- _TASK INPUTS_
|---|

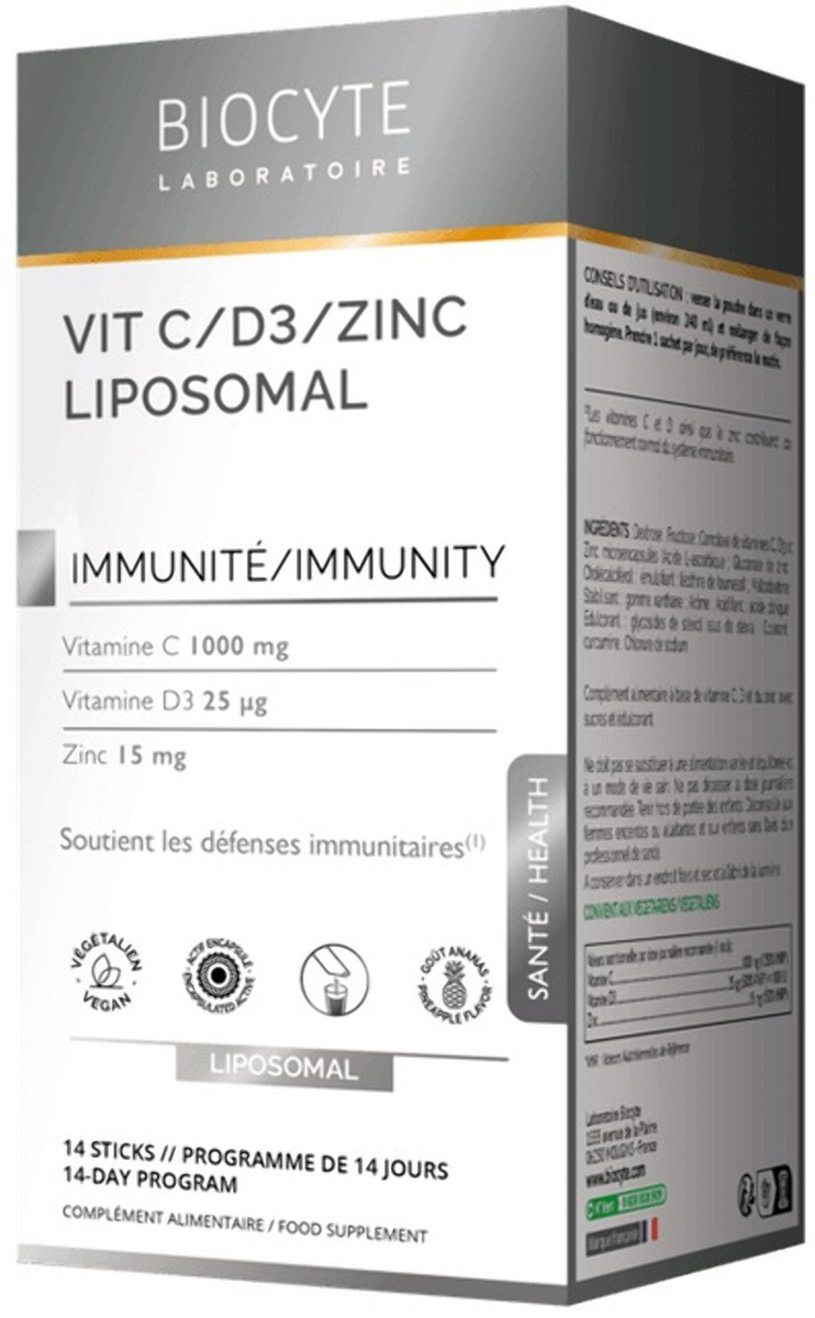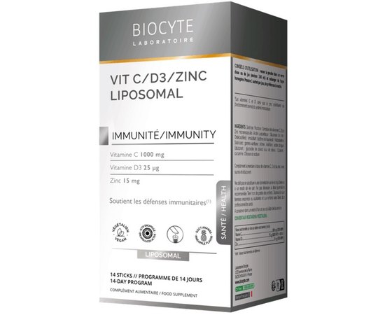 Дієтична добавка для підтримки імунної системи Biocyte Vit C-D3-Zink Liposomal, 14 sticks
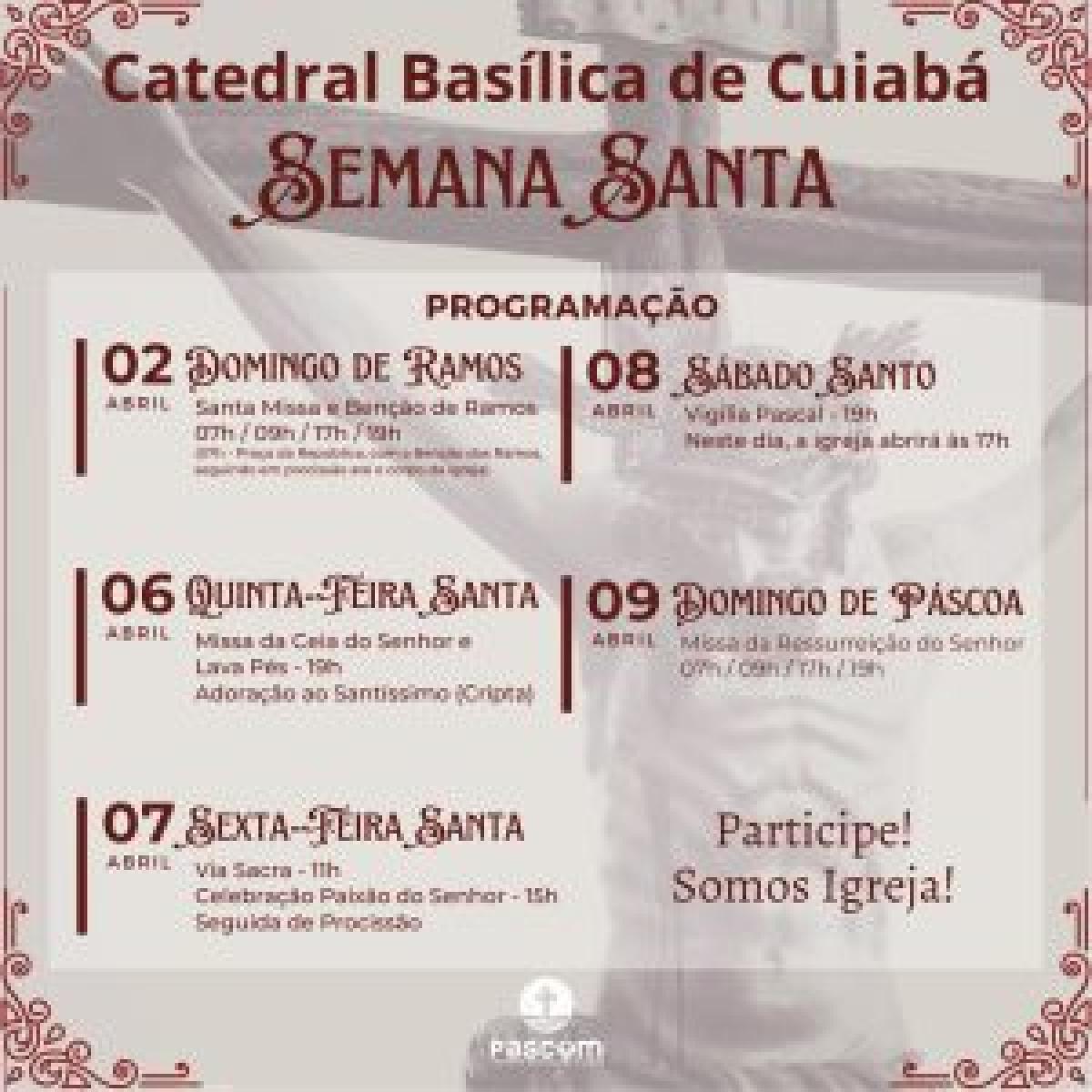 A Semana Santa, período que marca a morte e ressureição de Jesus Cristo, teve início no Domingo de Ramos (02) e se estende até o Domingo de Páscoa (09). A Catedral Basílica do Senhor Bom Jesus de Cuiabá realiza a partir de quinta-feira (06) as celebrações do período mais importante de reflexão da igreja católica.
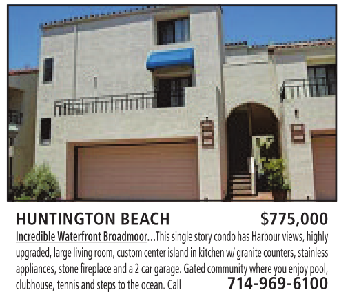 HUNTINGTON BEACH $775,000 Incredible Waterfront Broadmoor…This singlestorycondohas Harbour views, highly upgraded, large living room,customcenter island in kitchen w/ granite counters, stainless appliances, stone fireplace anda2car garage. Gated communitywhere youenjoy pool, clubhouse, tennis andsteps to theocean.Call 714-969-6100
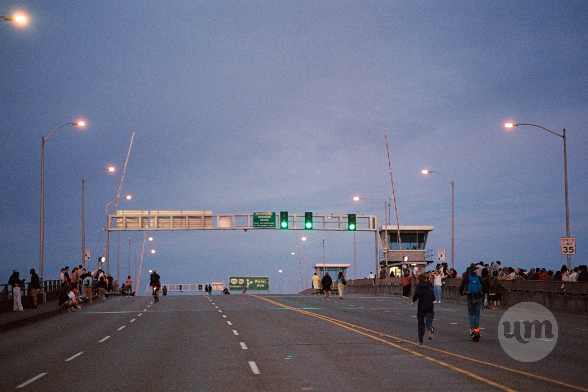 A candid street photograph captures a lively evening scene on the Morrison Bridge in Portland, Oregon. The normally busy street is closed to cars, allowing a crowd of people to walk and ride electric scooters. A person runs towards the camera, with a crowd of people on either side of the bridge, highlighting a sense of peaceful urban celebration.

|---|

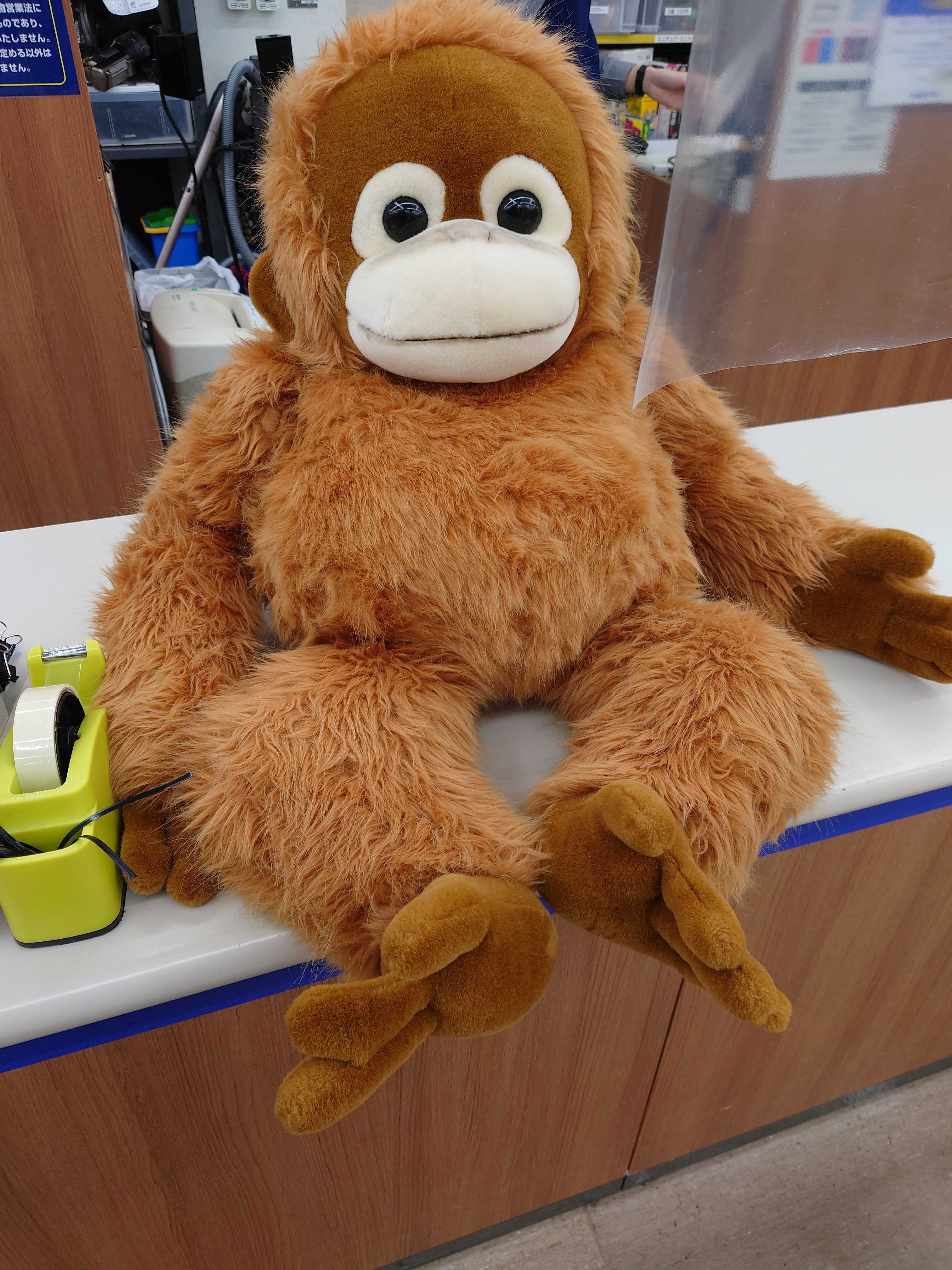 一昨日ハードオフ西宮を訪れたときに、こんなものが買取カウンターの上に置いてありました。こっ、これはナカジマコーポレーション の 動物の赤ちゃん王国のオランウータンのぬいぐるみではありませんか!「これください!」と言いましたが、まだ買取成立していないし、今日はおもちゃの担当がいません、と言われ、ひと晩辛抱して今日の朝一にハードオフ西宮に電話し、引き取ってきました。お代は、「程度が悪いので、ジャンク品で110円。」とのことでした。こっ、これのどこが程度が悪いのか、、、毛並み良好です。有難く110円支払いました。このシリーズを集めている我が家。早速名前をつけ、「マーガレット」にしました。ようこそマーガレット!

|---|

- _YOUR GOAL_
After locating the line containing "Дієтична добавка для" in the entries above, return it and every line after it exactly, ending at the line containing "A Semana Santa, período", without pictures.

- _EXERCISE SOLUTION_
 Дієтична добавка для підтримки імунної системи Biocyte Vit C-D3-Zink Liposomal, 14 sticks
 A Semana Santa, período que marca a morte e ressureição de Jesus Cristo, teve início no Domingo de Ramos (02) e se estende até o Domingo de Páscoa (09). A Catedral Basílica do Senhor Bom Jesus de Cuiabá realiza a partir de quinta-feira (06) as celebrações do período mais importante de reflexão da igreja católica.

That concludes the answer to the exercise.